L’inizio è spumeggiante accolti da un confronto tra Degas e Boldini. Il francese, con un certo distacco emotivo, ritrae la Parigi della finanza con uno sguardo ravvicinato e dal taglio fotografico dei banchieri attivi nella sala contrattazioni della Borsa. Il ferrarese invece si immerge nella società del tempo, facendosi un “selfie”, si direbbe oggi, in una delle sale del Moulin Rouge, colori sgargianti, un tourbillon di movimento che avanza per linee diagonali sino al primo piano dove il pittore sorseggia champagne affiancato da una ragazza vestita, o meglio svestita, di tutto punto. Il quadro esce per la prima volta dal Museo d’Orsay dove è stato acquisito grazie ad una donazione dopo essere appartenuto alla famiglia Rothschild.

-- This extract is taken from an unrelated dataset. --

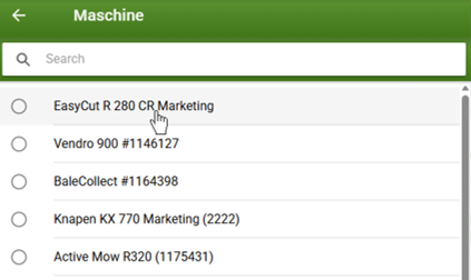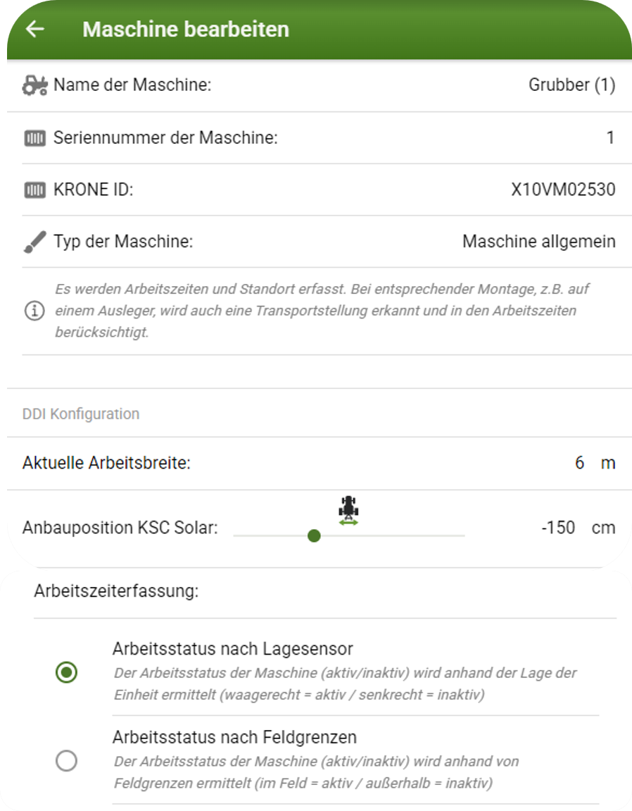 Bei Fremdmaschinen, die als Typ „Maschine allgemein“ angelegt sind, können Arbeitsbreiten hinterlegt werden. Bei KRONE Maschinen ist automatisch der entsprechende Typ und die Arbeitsbreite hinterlegt

La conclusione della mostra è invece inedita. Nell’ultima sala si propone l’accostamento dei ritratti di Boldini a quelli di grandi pittori del passato come Goya o Van Dick e soprattutto la possibilità di osservare il ritratto del generale spagnolo del 1867 dove l’artista ferrarese si rifà a Velasquez e il quadro della Dame de Biarritz scelto come icona del manifesto e del catalogo.
Nel mezzo invece c’è tutta la capacità di uomo di marketing del pittore italiano. Boldini arriva a Firenze e si fa introdurre nel mondo cosmopolita che affolla la città toscana, in quel momento capitale temporanea dell’Italia unita, e guadagna la stima di clienti importanti. La stessa strategia il ferrarese utilizzerà a Parigi dove si farà conoscere grazie al mercante Goupil e alla sua capacità di interpretare le esigenze della sua clientela e poi riuscirà a diventare il ritrattista più richiesto dall’alta borghesia , dai nuovi ricchi e dall’aristocrazia anche grazie alle entrature della sua modella, musa e amante, la contessa Gabrielle de Rasty.

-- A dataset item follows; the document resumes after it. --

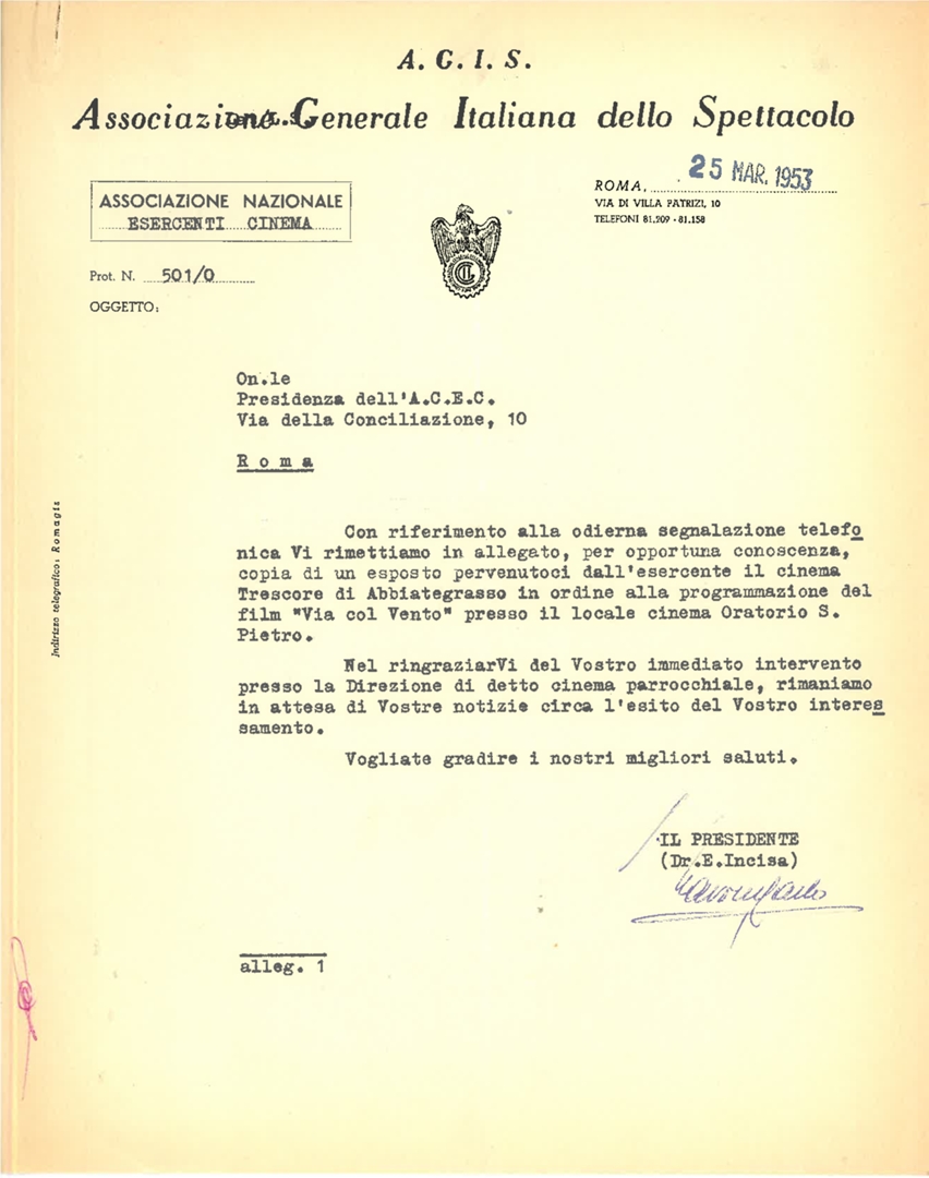 | Soggetto conservatore | ACEC - Associazione cattolica esercenti cinema |

Successo conquistato senza aver organizzato nemmeno una mostra personale, consapevole della forza del passaparola e del fatto che se si voleva vedere un quadro di Boldini l’unico modo era essere ammessi al suo atelier oppure poter entrare nelle case e nelle ville di chi all’epoca contava davvero. I suoi quadri diventano pertanto uno status symbol e marcano una differenza forte rispetto ai ritratti fotografici. La fotografia è (quasi) alla portata di tutti: rapida, veloce ma impietosa nei confronti del fotografato. Boldini è per pochi, con lunghi tempi di posa ma unico capace di descrivere le caratteristiche delle persone che ritrae esaltandole ed interpretandone a pieno aspirazioni e desideri, rendendole uniche e inimitabili.

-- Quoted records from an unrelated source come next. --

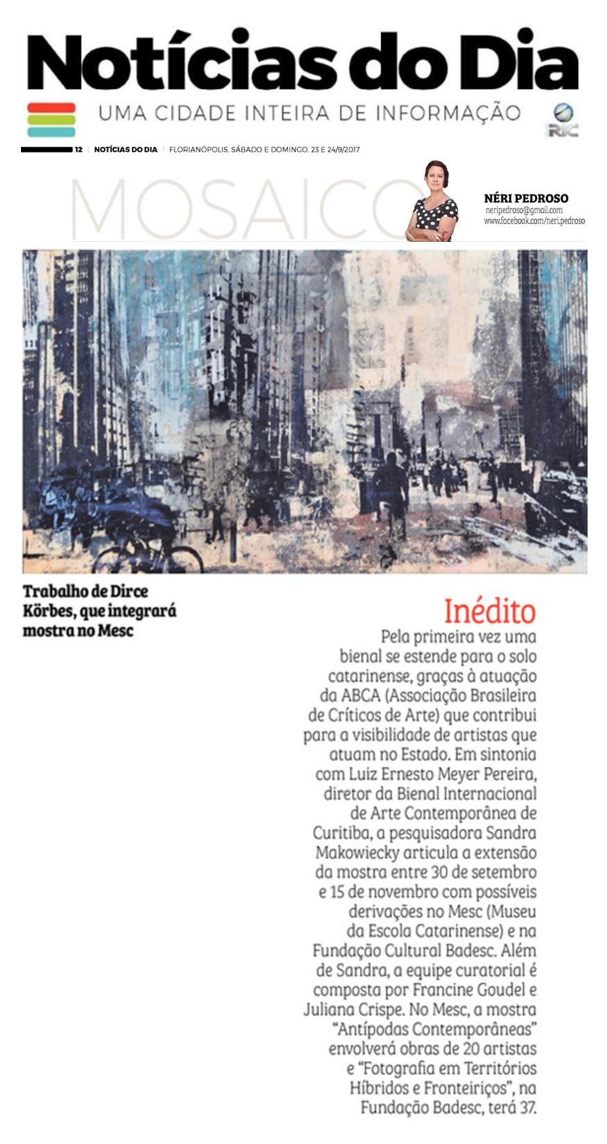 A jornalista Neri Pedroso, destaca na coluna Mosaico, do jornal Notícias do Dia, a realização pela primeira vez em Santa Catarina da Bienal. A Fundação Cultural Badesc sediará a mostra “Fotografia em Territórios Híbridos e Fronteiriços”, com a participação de 37 artistas.
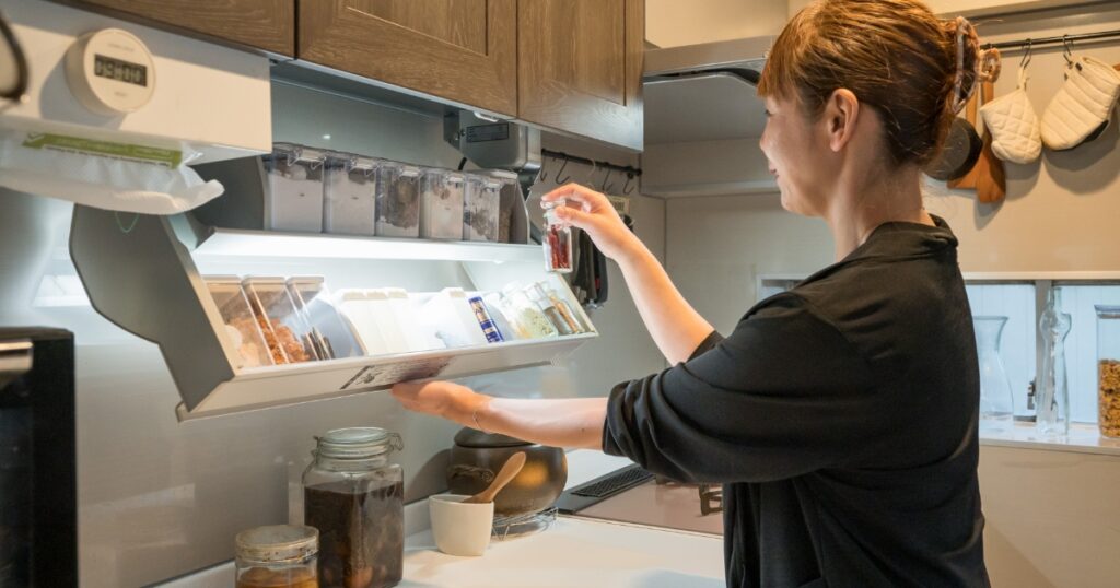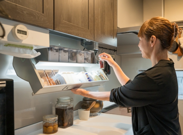 作業カウンター上部にクイックポケットを設置。調味料などを、目の前の使いやすい位置にまとめて収納できてとっても便利。
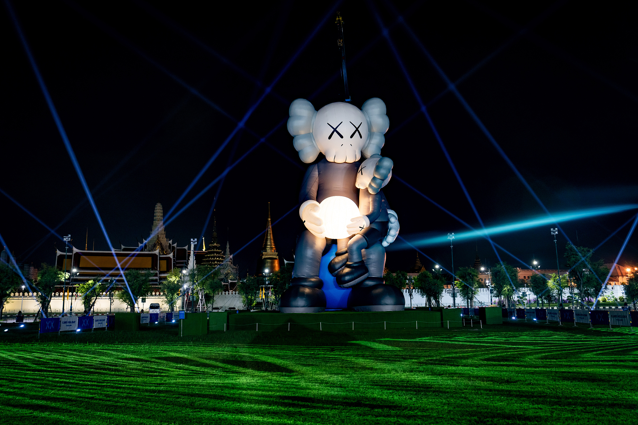 当地时间2025年5月16日,泰国曼谷,艺术家KAWS创作的18米高雕塑《伙伴》在大皇宫的圣兰广场进行日出前的排练(图片来源:视觉中国)

Uomo geniale, uomo di marketing, uomo dalle scelte felici e lungimiranti come quella di sposare Emilia Cardona, giornalista di sessant’anni più giovane. Una moglie, inizialmente osteggiata dai parenti del pittore, che ne scriverà la biografia ed organizzerà la prima mostra monografica di Boldini, pochi mesi dopo la sua morte, continuando a lavorare per la valorizzazione e l’apprezzamento dell’opera complessiva del ferrarese. E’ commovente il ritratto a carboncino di Emilia realizzato dal pittore quando per un problema di vista era l’unico modo di disegnare che gli rimaneva.
Un’ultima notazione: da non perdere la parte relativa ai disegni e alle incisioni dell’artista, veri e propri capolavori in presa diretta che dimostrano come l’apparente naturalezza e improvvisazione dei dipinti, nasca da una approfondita e accurata costruzione a tavolino. Una sorpresa anche la sala dedicata all’opera grafica di Sem, il caricaturista, grande amico di Boldini e forse l’unico a potersi permettere di rappresentarlo così com’era: uno gnomo (nella definizione del critico Diego Martelli che lo chiamava ironicamente Conte Bazza Bastone), con un gran testone da bulldog e assolutamente lontano dagli ideali di bellezza che lui stesso contribuì a creare con i suoi dipinti.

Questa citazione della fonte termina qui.